# Extract Records from .mrc Through Matching
Given a list of unique identifiers (ISBns, DOIs, URLs, ect.), extract the records containing those identifiers.

## 1. Open the MARC file the records are being extracted from and the file the selected records are going into

In [1]:
from pathlib import Path
MARC_FILE_LOCATION = Path('C:\\', 'Users', 'ereiskind', 'Downloads', 'MyMarcRecords.mrc')
NEW_MARC_FILE_LOCATION = Path('C:\\', 'Users', 'ereiskind', 'OneDrive - Florida State University', 'Attachments', 'OxfordScholarship_20210430.mrc')
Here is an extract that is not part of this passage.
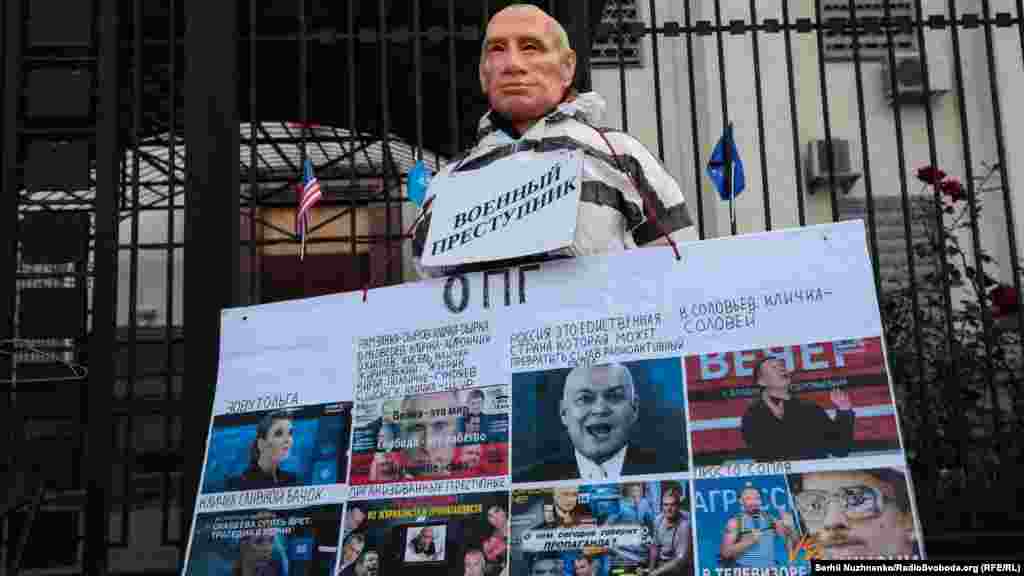 Во время акции бывшие политзаключенные – украинцы и крымские татары, которые побывали в заключении в России и аннексированном Крыму – дали показания в импровизированном «Гаагском суде». Таким образом активисты решили «поздравить» с днем рождения президента России.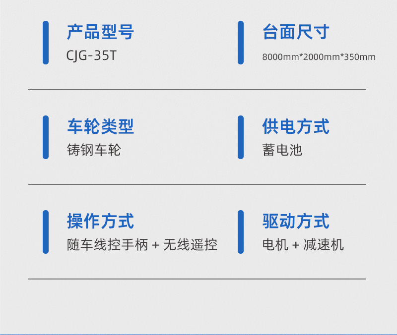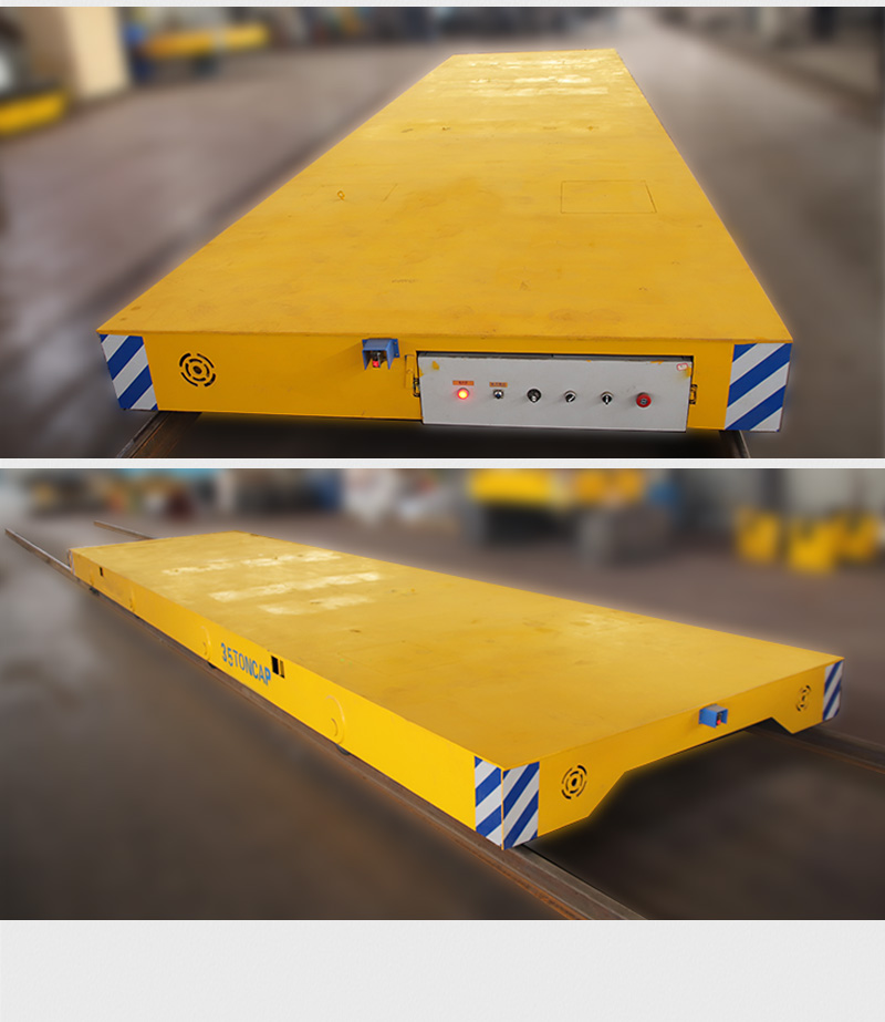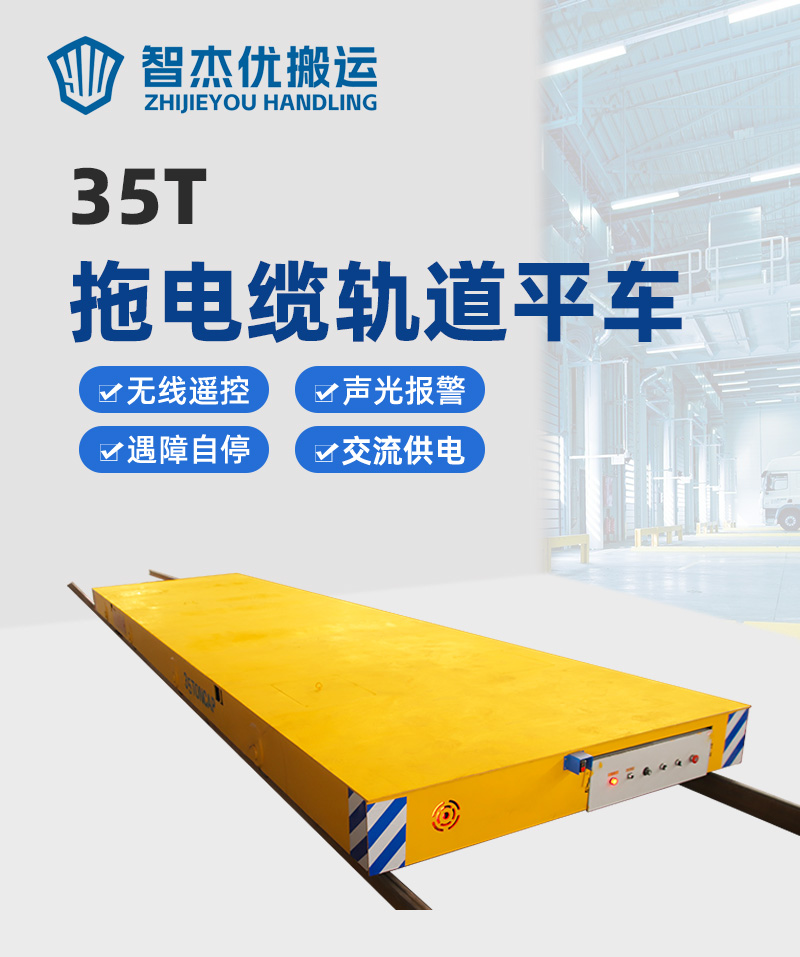 描   述: 這是一款拖電纜軌道電動平板車,該車長8米、寬2米、高0.35米,采用電纜供電,使用時間不受限制。底盤箱型梁焊接可承重35噸,鑄鋼車輪結實耐用,平臺高度低行走平穩,不易側翻貨物,無線遙控操作簡單,速度可人工調節,適合不同場合下使用。聲光報警時刻提醒現場人員注意避讓,保障作業安全。

starting_MARC_file = open(MARC_FILE_LOCATION, 'rb')
new_MARC_file = open(NEW_MARC_FILE_LOCATION, 'wb')

## 2. Create the list of identifiers
1. Add the unique identifiers to the cell below as a string with one identifier per line
2. Set `identifier_field` to a string of the field and possible subfield the identifiers are being compared against; if a subfield is included, use "$" as the delimeter

In [2]:
identifiers = """
"""
identifiers = identifiers.split("\n")[1:-1] # The splice removes elements created by having the opening and closing quotes on their own lines

identifier_field = "856$u"

## 3. Check the identifiers against the records
This includes keeping a list of the matched identifiers

In [3]:
from pymarc import MARCReader, Record
import sys

MARCfile = MARCReader(starting_MARC_file)
matched_identifiers = []

for record in MARCfile: # MARC records must be outer loop--when attempting to use them as inner loop, they don't reset for each outer loop iteration, so they're only checked against the first item in "identifiers"
    if identifier_field == "856$u":
        for identifier in identifiers:
            if identifier not in record['856']['u']:
                continue
            else:
                new_MARC_file.write(record.as_marc())
                matched_identifiers.append(identifier)
                break
    else:
        print(f"The MARC tag {identifier_field} hasn't been matched to a PyMARC tag in this program. The program is exiting.")
        starting_MARC_file.close()
        new_MARC_file.close()
        sys.exit()

## 4. Output the identifiers not matched

In [None]:
if len(matched_identifiers) < len(identifiers):
    identifiers_not_matched = []
    
    for identifier in identifiers:
        if identifier not in matched_identifiers:
            identifiers_not_matched.append(identifier)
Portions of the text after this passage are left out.